Personal information
- Full name: Federico Perera
- Born: c. 1836 Holborn, Middlesex, England
- Died: 1909 (aged 72/73) England
- Batting: Unknown
- Role: Wicket-keeper
- Relations: Pedro Perera (brother)

Career statistics
| Competition | First-class |
| Matches | 4 |
| Runs scored | 54 |
| Batting average | 7.71 |
| 100s/50s | –/– |
| Top score | 29 |
| Catches/stumpings | 1/– |
- Source: Cricinfo, 30 September 2019

= Frederico Perera =

English cricketer

Federico Perera (sometimes erroneously written as Frederick Perera) (c. 1836 – 1909) was an English first-class cricketer.

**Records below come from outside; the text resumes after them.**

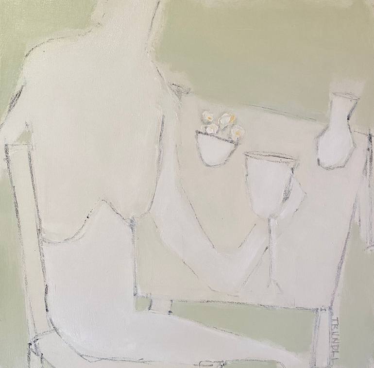 An abstracted figured seated at a table in neutral complementary colors. Evokes stillness, calm, and restoration. 24 c 24 x 1.5. Edges painted white, back wired, ready to hang.
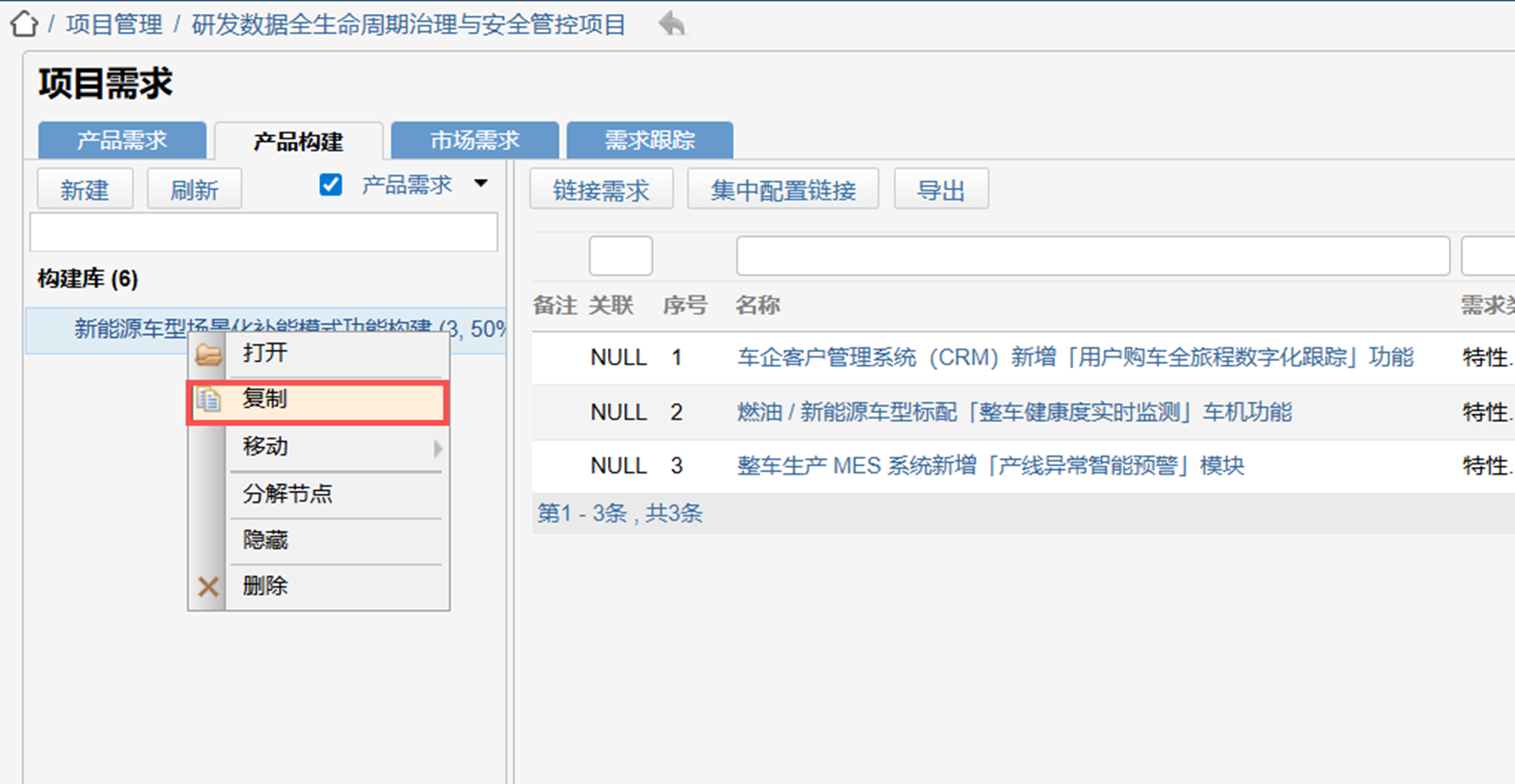 产品构建项目内复制:新增同项目下产品构建复制能力,复制时将同步产品构建自身基础信息及关联单据,实现同项目内产品构建快速复用,减少重复操作。
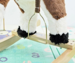 Căluțul include șa cu scărițe și zăbală, permițând copiilor să se apropie de senzația echitației reale.
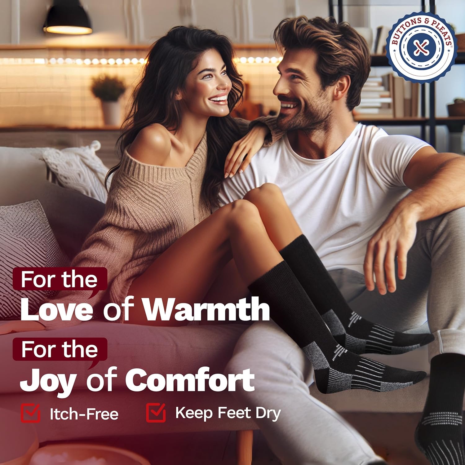 Customers find these hiking socks keep feet warm without being sweaty and appreciate their quality and comfort, noting they’re not itchy like some wool socks. The socks are soft with a cushioned inner lining, thick with merino wool material, and hug feet snugly without being too tight around the calf area. While some customers say they hold up well after multiple washes, others report they wear through quickly. Customers consider them good value for money.
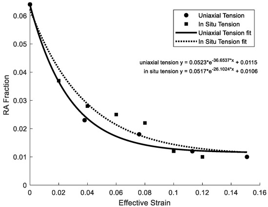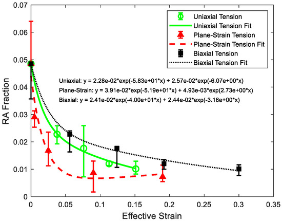 Percent RA as a function of effective strain for the three strain paths (fit equations are shown for each case, where a two-term exponential was used).
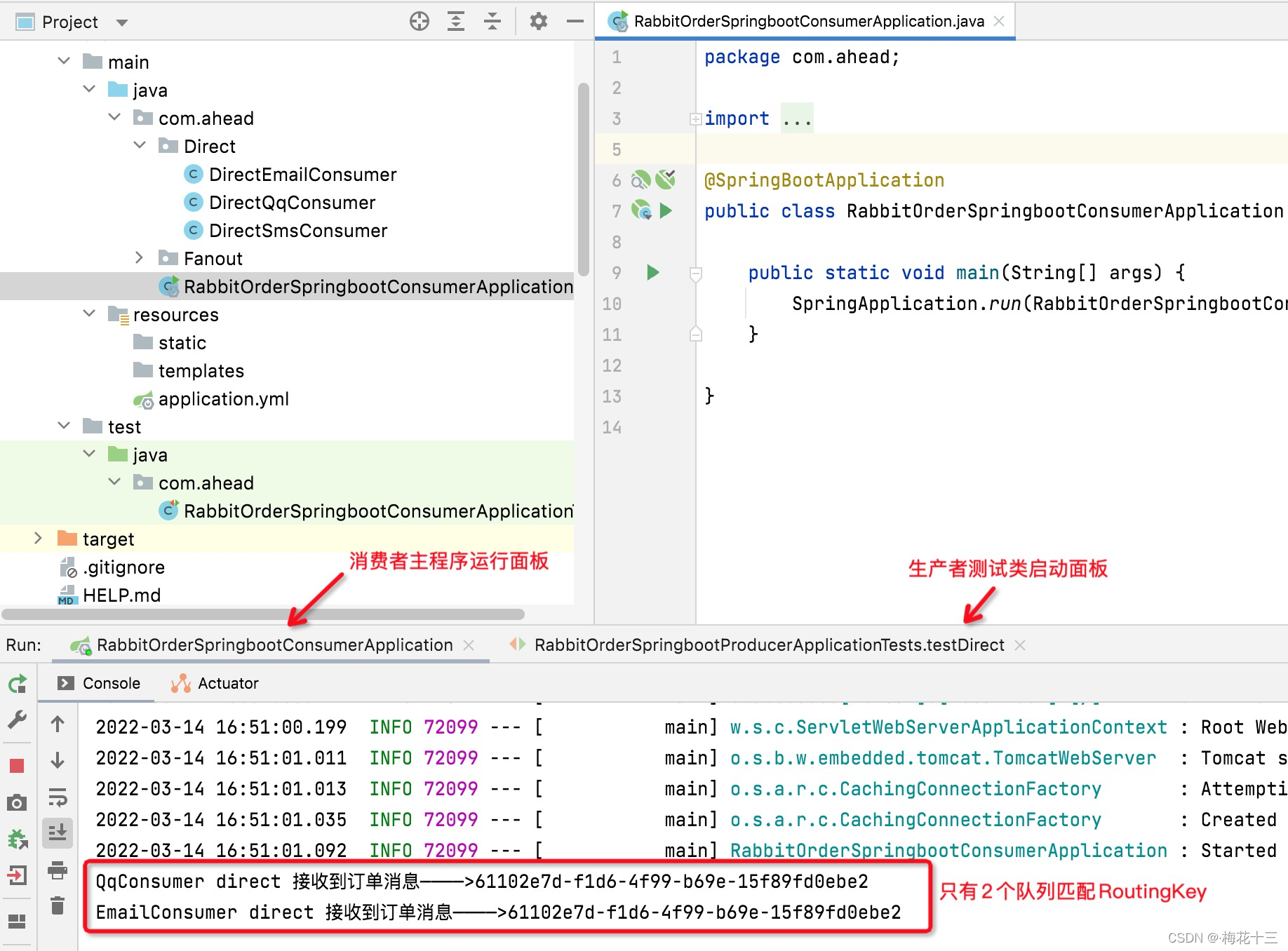 项目结构与《SpringBoot整合RabbitMQ ——Fanout模式》博文中代码一致,不二次贴出。
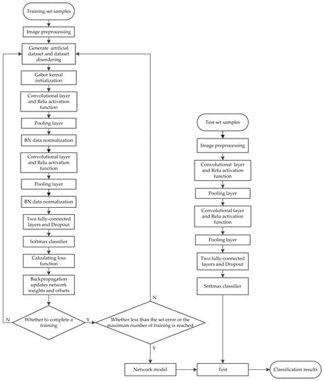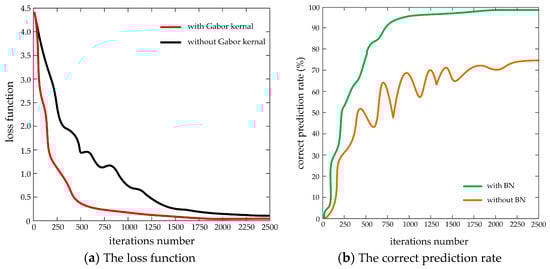 As shown in Figure 12a, in the improved Lenet-5 network model, with the deepening of the network iterations, the loss function corresponding to the Gabor kernel initialization is much falling faster than that without the Gabor kernel initialization, and drops smoothly to 0. The reason is that the Gabor filter can extract effective target contour information and remove useless image noise, thereby effectively avoiding over-fitting of the training data and reducing the computational complexity, and further enhance the robustness and adaptability of the network model. Without the Gabor filter, the training network can easily fall into the local optimal solution, which makes the updating of network parameters such as weights and offsets become slower. It can be seen from Figure 11 and Figure 12b that a good sample image classification prediction effect is achieved in the network training stage, and the correct prediction rate using BN data normalization increases with iteration number and the highest value can reach about 99.82%. When BN data normalization is not used, the correct prediction rate has a large fluctuation and the highest value is only about 75%. The reason is that after adding BN data normalization processing, not only can the gradient dispersion phenomenon be effectively avoided, but also the convergence speed of the training model can be accelerated, the training model is more stable, and the generalization ability can be considerably enhanced.
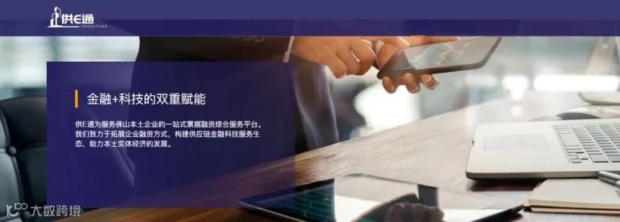 供E通是专门为佛山本土制造业客户打造的、融合科技与金融双重赋能的融资平台。平台围绕供应链深入企业的全生命周期,通过公司与银行联手,能精准解决中小微企业原材料采购等问题。同时中小型核心企业应收款、订单等可以通过进入平台,由平台负责对接银行以及小贷公司、保理等金融机构获取融资。平台对减轻企业负担、降低企业成本、改善营商环境都具有积极意义。
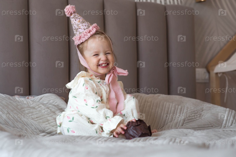 Двухлетняя девочка в праздничной шляпе с кексом или пирожком со свечой в домашней обстановке
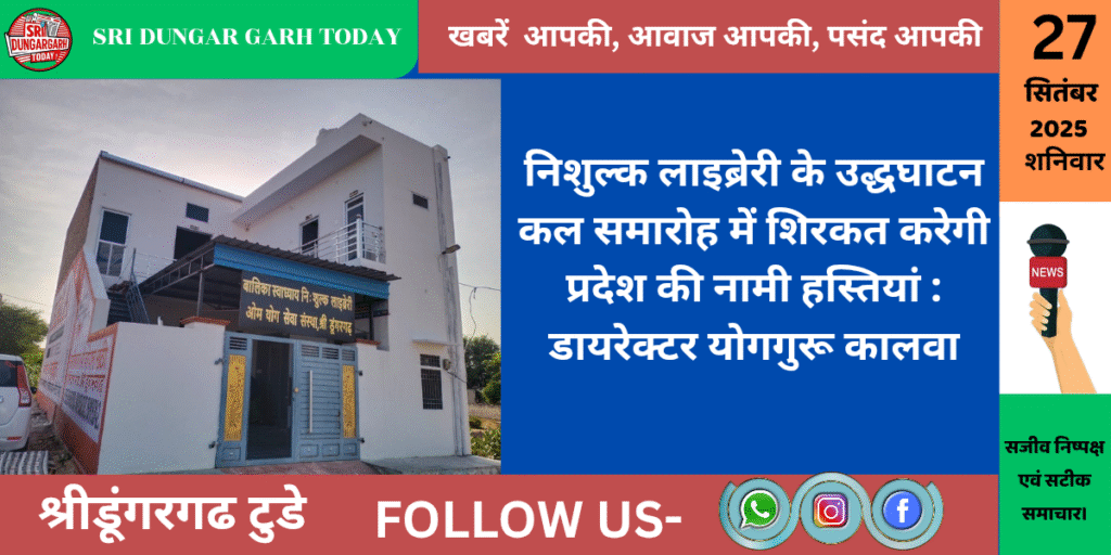 श्रीडूंगरगढ़ कस्बे की देवनारायण कॉलोनी में क्षेत्र की सर्व समाज की जरूरतमंद बेटियों के लिए संभाग की पहली निशुल्क लाइब्रेरी का उद्धघाटन एवं भामाशाह सम्मान समारोह होगा 28 सितंबर 2025 वार रविवार सुबह 11 बजे लाइब्रेरी के डायरेक्टर ख्याति प्राप्त योगाचार्य ओम प्रकाश कालवा ने बताया बालिका स्वाध्याय निशुल्क लाइब्रेरी जो क्षेत्र की 50 जरूरतमंद बेटियों के लिए शुरू की जा रही है। व्यवस्थापक हरीश कुमार शर्मा ने बताया इस लाइब्रेरी के मुख्य उद्देश्य
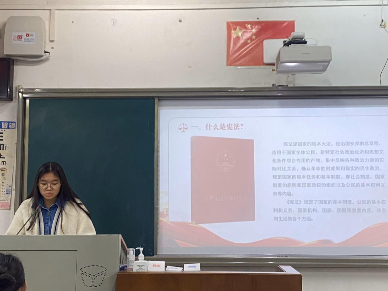 活动伊始,李羽姗同学以“遵法守纪固根本”为主题,从宪法的基本知识、2024年全国宪法周主题解读、构建中国自主的宪法学知识体系、各地宪法宣传掠影四个部分依次展开讲解,帮助同学们深入了解宪法,学习宪法。
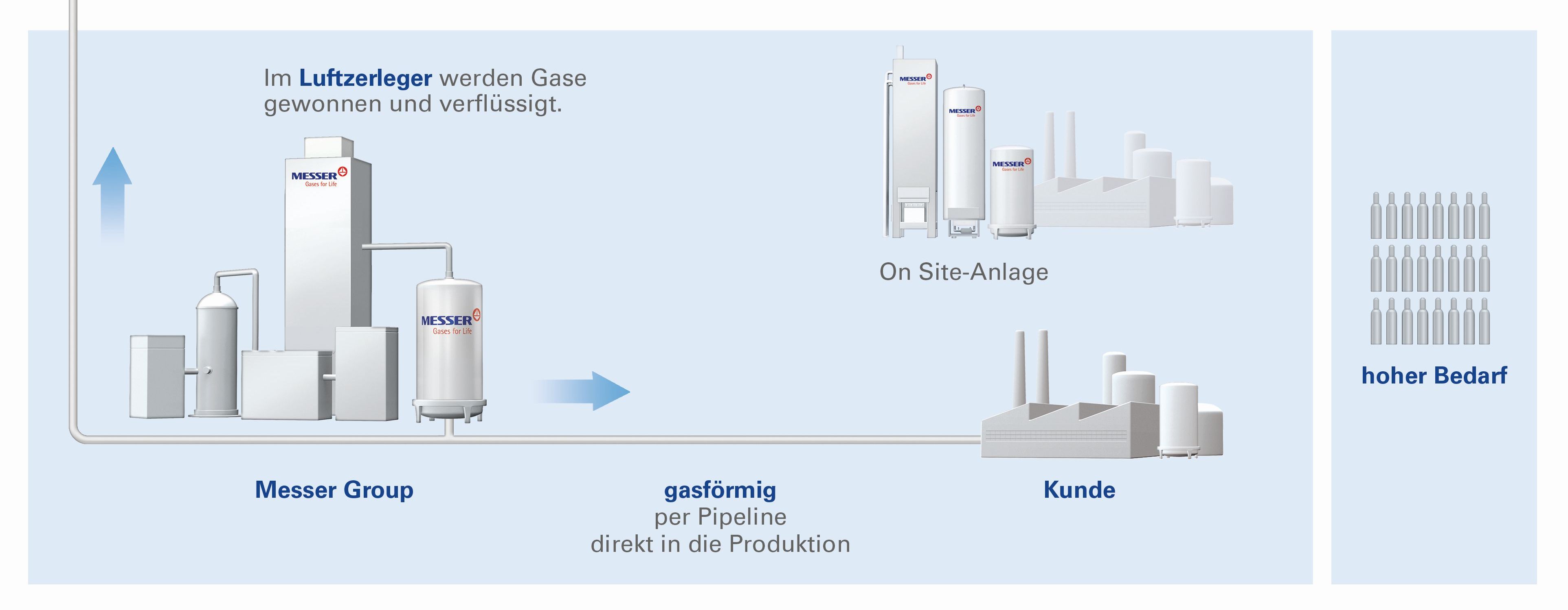 Die geforderten Mengen und Reinheiten der Gase hängen wesentlich von der jeweiligen Branche und den eingesetzten Verfahrensanwendungen ab. Daher bietet Messer seinen Kunden ein massgeschneidertes Versorgungskonzept an, das exakt den individuellen Anforderungen entspricht.
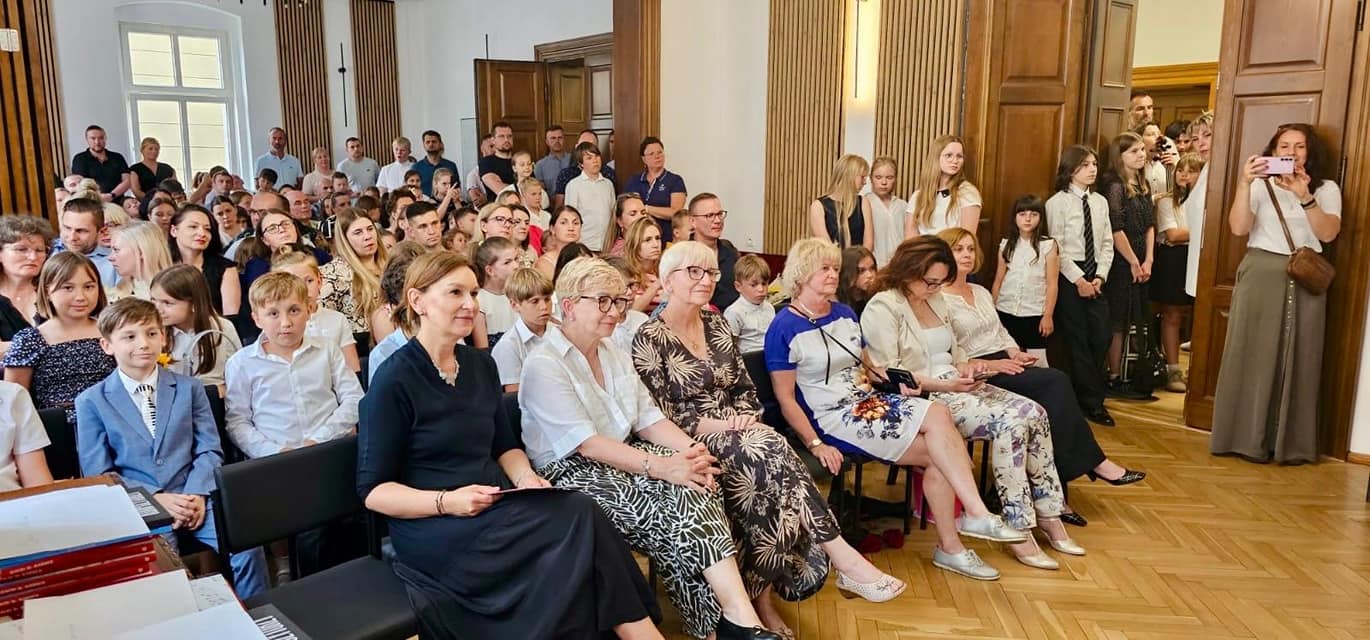 W piątek 27 czerwca 2025 r. pożegnaliśmy wspólnie rok szkolny 2024/2025. Na uroczystym zakończeniu mieliśmy okazję nagrodzić uczniów za ich sukcesy w konkursach ogólnopolskich i międzynarodowych, ale również poznaliśmy laureatów i wyróżnionych uczniów w konkursach szkolnych tj. Konkurs Młodego Melomana, Konkurs Młodego Artysty, Konkurs Muzyczny Influencer oraz Szkolny Konkurs Solfeżowy.
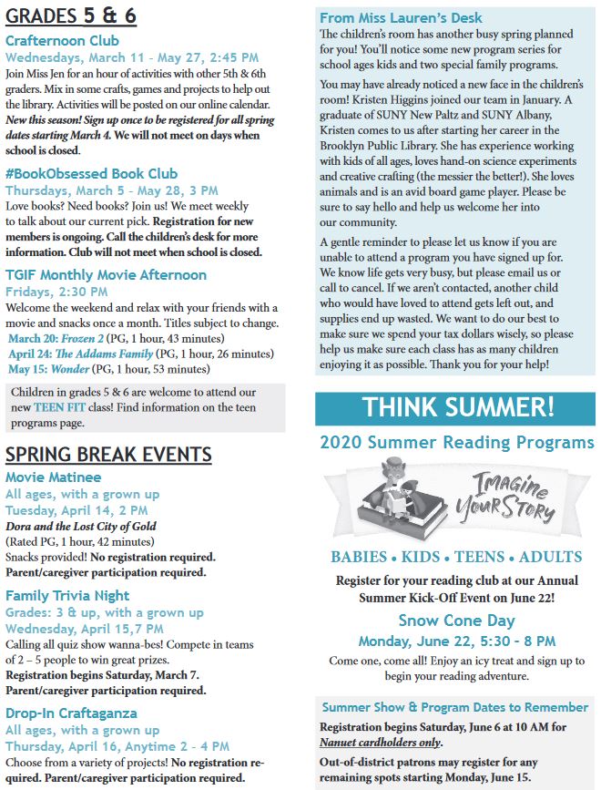 Children's Programs Spring 2020
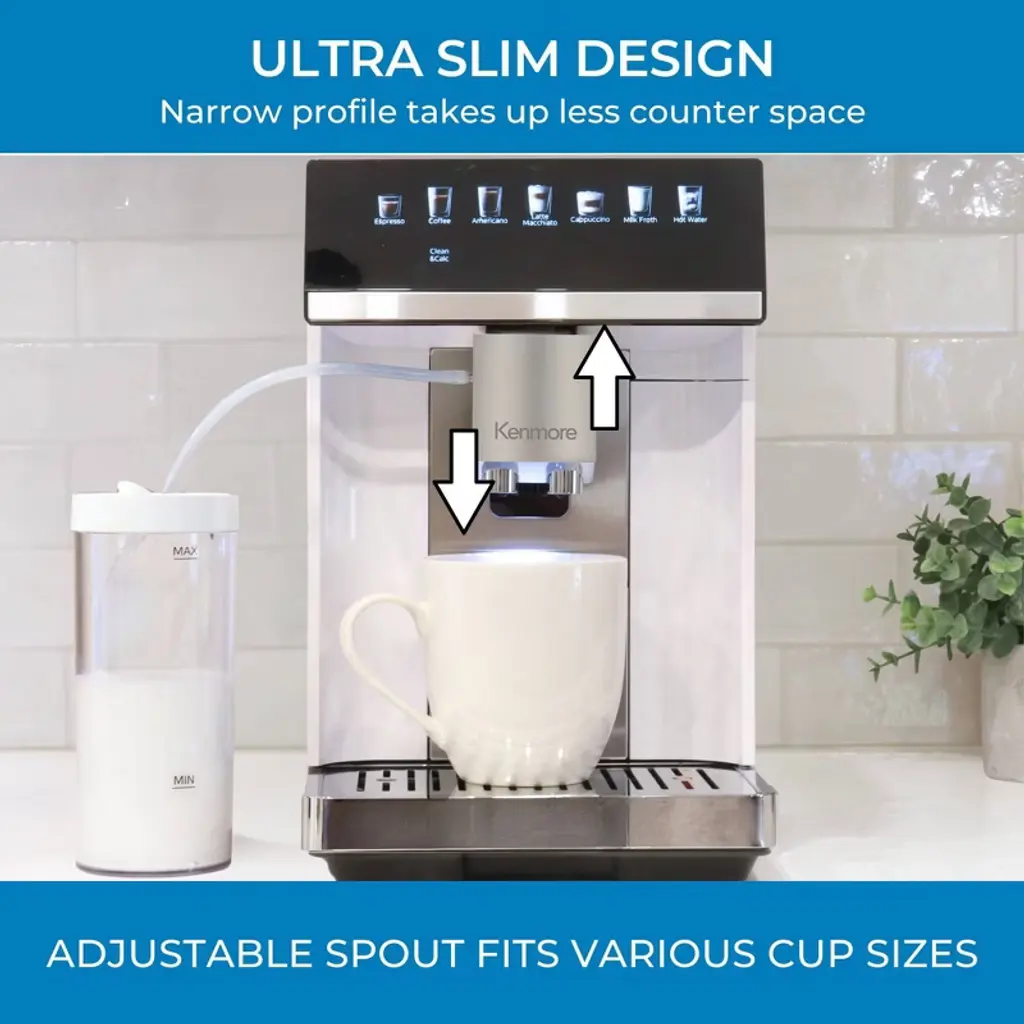 Kenmore's super-automatic coffee maker with dual-cream system puts a full cafe menu at your fingertips. The full color touchscreen display features 7 one-touch options including espresso, latte, and cappuccino, and lets you customize the strength and volume of any drink. Our Dual Cream System heats and froths dairy and non-dairy milk. With a built-in conical burr grinder and convenient self-cleaning functions, you can relax and let Kenmore be your barista.

The son of the Spaniard Augurio Perera and his wife, Francisca, he was born at Holborn in about 1836. His father was a merchant who moved the family to Birmingham in the same year of his birth, where he took over a storehouse on Great Charles Street. In 1839, the family once more relocated, this time to Manchester. Perera made his debut in first-class cricket for Manchester against Surrey at Eccles in 1857. The following season, he made three appearances in first-class cricket, appearing twice for the Gentlemen of the North against the Gentlemen of the South, and once for Manchester against Sussex. He scored a total of 54 runs in his four first-class matches, at an average of 7.71 and a high score of 29. By profession, he too was a merchant. He died in 1909. His middle brother, Pedro, was also a first-class cricketer, while his eldest brother, Augurio, is credited as being the co-inventor of lawn tennis.